Book Synopsis Imperial Migrations by : E. Morier-Genoud
Download or read book Imperial Migrations written by E. Morier-Genoud and published by Springer. This book was released on 2012-12-15 with total page 358 pages. Available in PDF, EPUB and Kindle. Book excerpt: This volume investigates what role colonial communities and diaspora have had in shaping the Portuguese empire and its heritage, exploring topics such as Portuguese migration to Africa, the Ismaili and the Swiss presence in Mozambique, the Goanese in East Africa, the Chinese in Brazil, and the history of the African presence in Portugal.

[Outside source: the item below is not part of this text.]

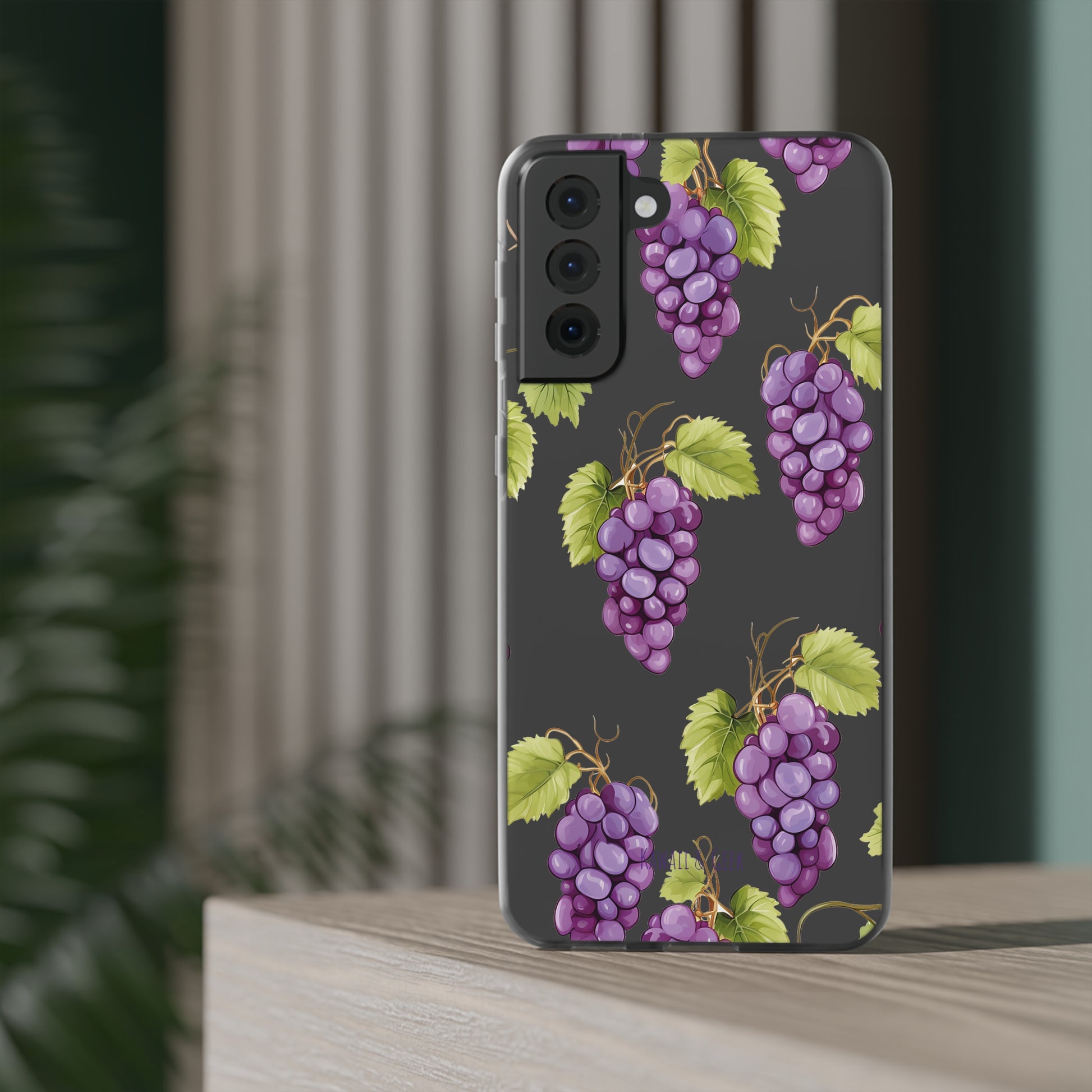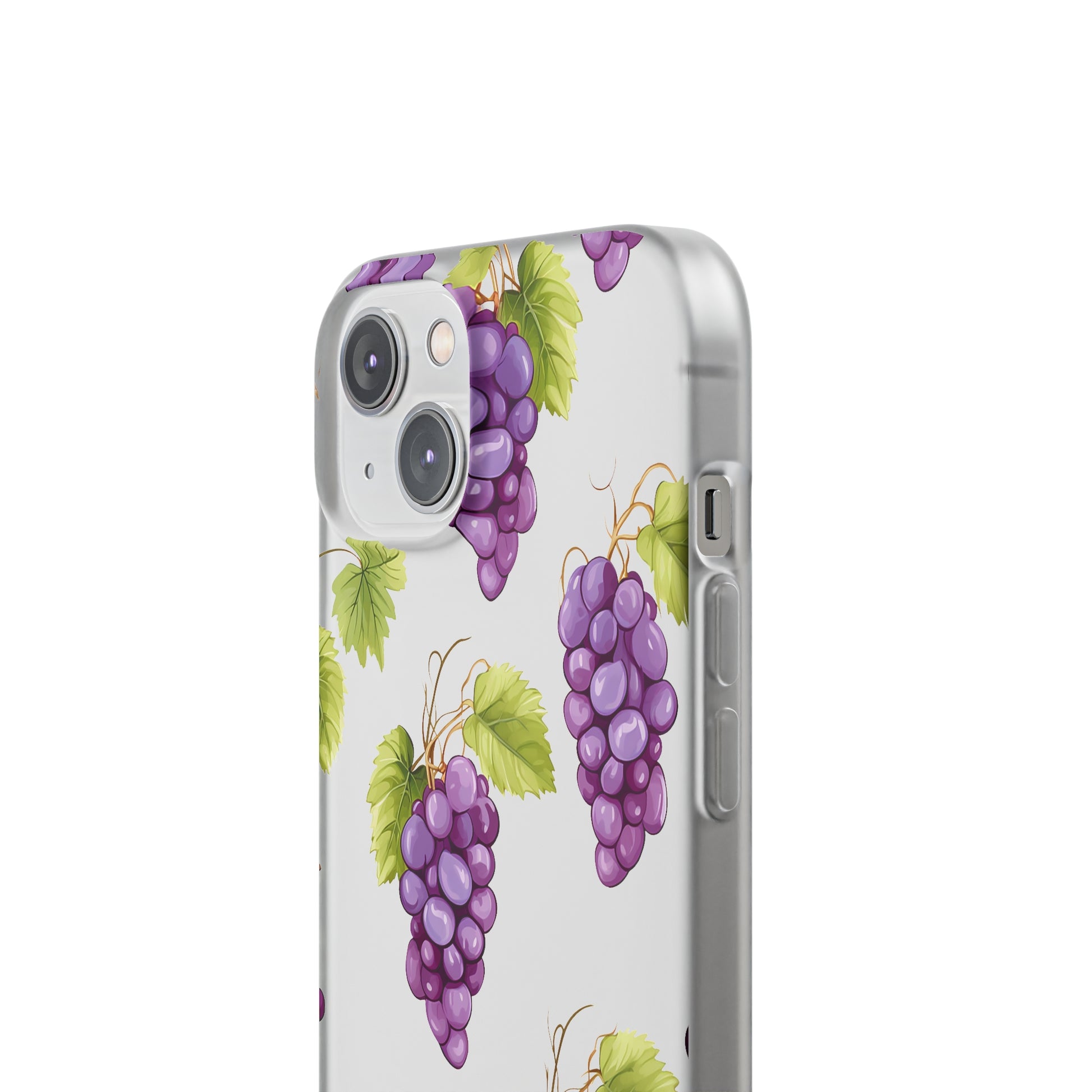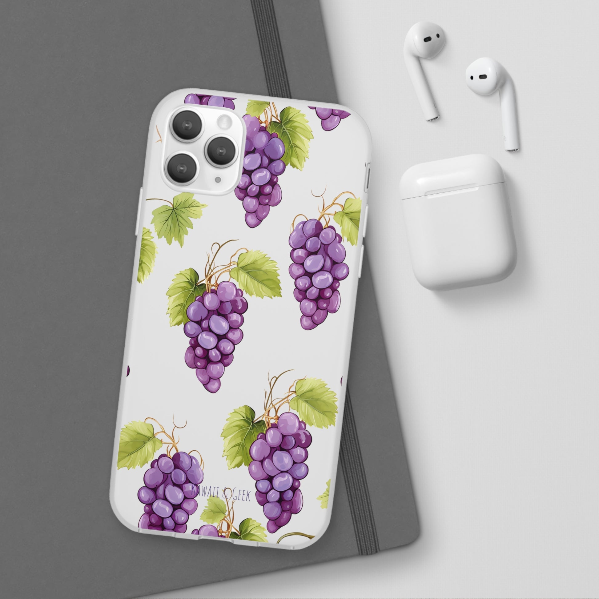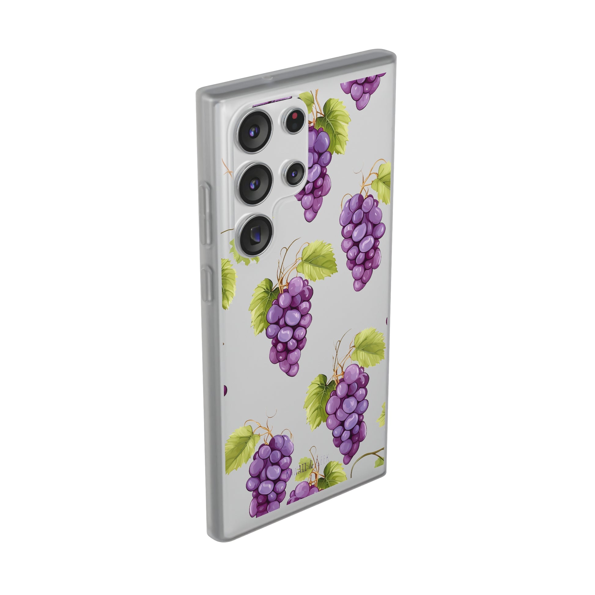 Keywords: Grape design case, Flexi phone cover, Transparent case, Vineyard accessory, Nature-inspired, Fruit motif, Wine lover gift, Premium protection, Cellphone chic, Artistic design, Harvest aesthetic, Elegant style, Summer vibes.The Flexi Case is designed with modern form and function in mind. It’s made from a premium-quality clear TPU (Thermoplastic Polyurethane) that holds up to wear and tear with style. Perfect for people who love a beautiful, slim-fitting case that doesn’t overwhelm the phone’s design. Plus, you can offer your customers gift packaging options.

Book Synopsis No Easy Victories by : William Minter
Download or read book No Easy Victories written by William Minter and published by William Minter. This book was released on 2008 with total page 271 pages. Available in PDF, EPUB and Kindle. Book excerpt: African news making headlines today is dominated by disaster: wars, famine, HIV. Those who respond - from stars to ordinary citizens - are learning that real solutions require more than charity. This book provides a comprehensive, panoramic view of US activism in Africa from 1950 to 2000, activism grounded in a common struggle for justice. It portrays organisations, activists and networks that contributed to African liberation and, in turn, shows how African struggles informed US activism, including the civil rights and black power movements.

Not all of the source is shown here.